Drei PS-Boliden fielen kürzlich auf der A15 durch ihr riskantes Fahrverhalten auf. Fahrlehrer und die Polizei warnen vor solch gefährlichen Manövern. 

von
Shila Ochsner

Keines der beteiligten Fahrzeuge hielt ausreichend Abstand, wie die Aufnahmen eines News-Scouts zeigen. 

Video: 20min/News-Scout

Darum gehts

Die Aufnahmen eines News-Scouts zeigen mehrere gefährliche Fahrmanöver auf der A15 bei Uster. Unter anderem ist den Aufnahmen zu sehen, wie ein Mercedes mitten auf der Fahrbahn Schlangenlinien fährt. Vor ihm fahren ein Ferrari und ein McLaren dicht beieinander. Zuvorderst ist ein schwarzer Van zu sehen, der, wie es scheint, eine Kamera am Fahrzeug montiert hat und die drei PS-Boliden filmt. Keines der Fahrzeuge hält ausreichend Abstand. Schliesslich ziehen der Mercedes und ein McLaren rechts am Ferrari und dem schwarzen Van vorbei.

Laut Willi Wismer, Präsident des Zürcher Fahrlehrer-Verbands, ist ein solches Fahrverhalten gefährlich. «Alle Beteiligten halten zu wenig Abstand. Sollte einer bremsen, haben die anderen kaum eine Chance, rechtzeitig anzuhalten.» Dies könne zu einem schweren Verkehrsunfall mit verletzten Personen oder im schlimmsten Fall mit Todesopfern führen. «Ein solch riskantes Verhalten hat nichts auf der Strasse zu suchen. Den Beteiligten sollte man den Führerausweis auf der Stelle entziehen», sagt Wismer.
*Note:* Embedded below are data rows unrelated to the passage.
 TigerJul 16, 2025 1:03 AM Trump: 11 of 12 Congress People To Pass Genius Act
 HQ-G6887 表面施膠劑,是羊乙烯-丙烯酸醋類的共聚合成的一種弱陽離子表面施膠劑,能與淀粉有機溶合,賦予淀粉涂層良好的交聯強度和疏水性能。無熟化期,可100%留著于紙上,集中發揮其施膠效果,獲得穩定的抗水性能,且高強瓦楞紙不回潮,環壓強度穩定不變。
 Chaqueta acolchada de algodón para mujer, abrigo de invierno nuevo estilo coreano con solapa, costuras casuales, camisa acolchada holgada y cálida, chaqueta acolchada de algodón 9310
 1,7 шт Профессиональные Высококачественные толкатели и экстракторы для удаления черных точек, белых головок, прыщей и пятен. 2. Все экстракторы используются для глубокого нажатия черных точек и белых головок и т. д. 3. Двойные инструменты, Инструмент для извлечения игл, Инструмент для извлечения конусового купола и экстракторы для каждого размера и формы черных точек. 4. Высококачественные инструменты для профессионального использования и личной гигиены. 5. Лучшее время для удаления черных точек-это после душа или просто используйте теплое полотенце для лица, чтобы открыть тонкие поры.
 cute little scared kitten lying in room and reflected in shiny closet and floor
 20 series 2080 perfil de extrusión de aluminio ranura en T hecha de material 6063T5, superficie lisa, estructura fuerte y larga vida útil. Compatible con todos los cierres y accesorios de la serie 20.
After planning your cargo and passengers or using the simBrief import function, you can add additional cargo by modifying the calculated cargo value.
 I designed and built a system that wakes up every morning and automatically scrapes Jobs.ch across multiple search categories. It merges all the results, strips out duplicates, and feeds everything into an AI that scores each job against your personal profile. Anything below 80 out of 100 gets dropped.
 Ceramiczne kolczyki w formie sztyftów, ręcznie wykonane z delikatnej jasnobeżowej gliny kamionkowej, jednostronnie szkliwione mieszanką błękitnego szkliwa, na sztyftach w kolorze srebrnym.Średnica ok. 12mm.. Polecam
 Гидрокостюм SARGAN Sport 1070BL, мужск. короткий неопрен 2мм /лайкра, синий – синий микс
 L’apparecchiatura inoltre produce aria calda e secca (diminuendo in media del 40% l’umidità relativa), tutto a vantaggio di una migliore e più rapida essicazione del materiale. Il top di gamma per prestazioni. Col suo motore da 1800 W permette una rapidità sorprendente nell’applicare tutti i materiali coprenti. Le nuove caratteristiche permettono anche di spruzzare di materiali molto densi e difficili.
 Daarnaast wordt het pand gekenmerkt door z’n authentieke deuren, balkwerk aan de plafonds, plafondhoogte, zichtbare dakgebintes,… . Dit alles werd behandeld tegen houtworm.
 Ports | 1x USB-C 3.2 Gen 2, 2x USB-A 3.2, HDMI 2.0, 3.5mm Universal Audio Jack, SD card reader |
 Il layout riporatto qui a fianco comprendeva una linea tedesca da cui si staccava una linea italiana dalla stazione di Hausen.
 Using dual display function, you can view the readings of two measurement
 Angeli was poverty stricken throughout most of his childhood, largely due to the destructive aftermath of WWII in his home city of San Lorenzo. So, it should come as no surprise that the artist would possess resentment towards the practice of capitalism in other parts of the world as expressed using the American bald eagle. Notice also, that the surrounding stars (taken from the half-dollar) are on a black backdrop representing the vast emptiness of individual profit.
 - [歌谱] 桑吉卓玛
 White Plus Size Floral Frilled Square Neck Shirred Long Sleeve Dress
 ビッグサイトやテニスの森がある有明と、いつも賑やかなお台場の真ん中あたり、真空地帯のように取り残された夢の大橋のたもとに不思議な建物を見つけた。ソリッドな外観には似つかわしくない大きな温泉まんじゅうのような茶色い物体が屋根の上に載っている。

«Das war riskant und gefährlich»

Ähnlich sieht es Fahrlehrer Alex Krstic von der Fahrschule Drive-In. «Die Fahrmanöver waren riskant und sehr gefährlich. Zudem bin ich der Meinung, dass man, wenn man schon so ein schönes und luxuriöses Auto fährt, sich auch wie ein Gentleman auf der Strasse verhalten soll», sagt Krstic.

Die Kantonspolizei Zürich hat keine Kenntnis vom Vorfall, wie es auf Anfrage heisst. Sprecher Alexander Renner rät in solchen Fällen, genügend Abstand zu den Autos halten und sich nicht zu irgendwelchen Aktionen verleiten lassen. Zudem soll man sofort die Notrufnummer 117 wählen und die Polizei informieren. «Die Polizei kontrolliert in solchen Fällen die Lenkenden und ihre Fahrzeuge», sagt Renner. Dabei werde geprüft, ob eine Widerhandlung gegen das Strassenverkehrsrecht vorliegt. «Falls dies der Fall ist, wird diese bei der zuständigen Untersuchungsbehörde zur Anzeige gebracht, welche dann über das Strafmass entscheidet.»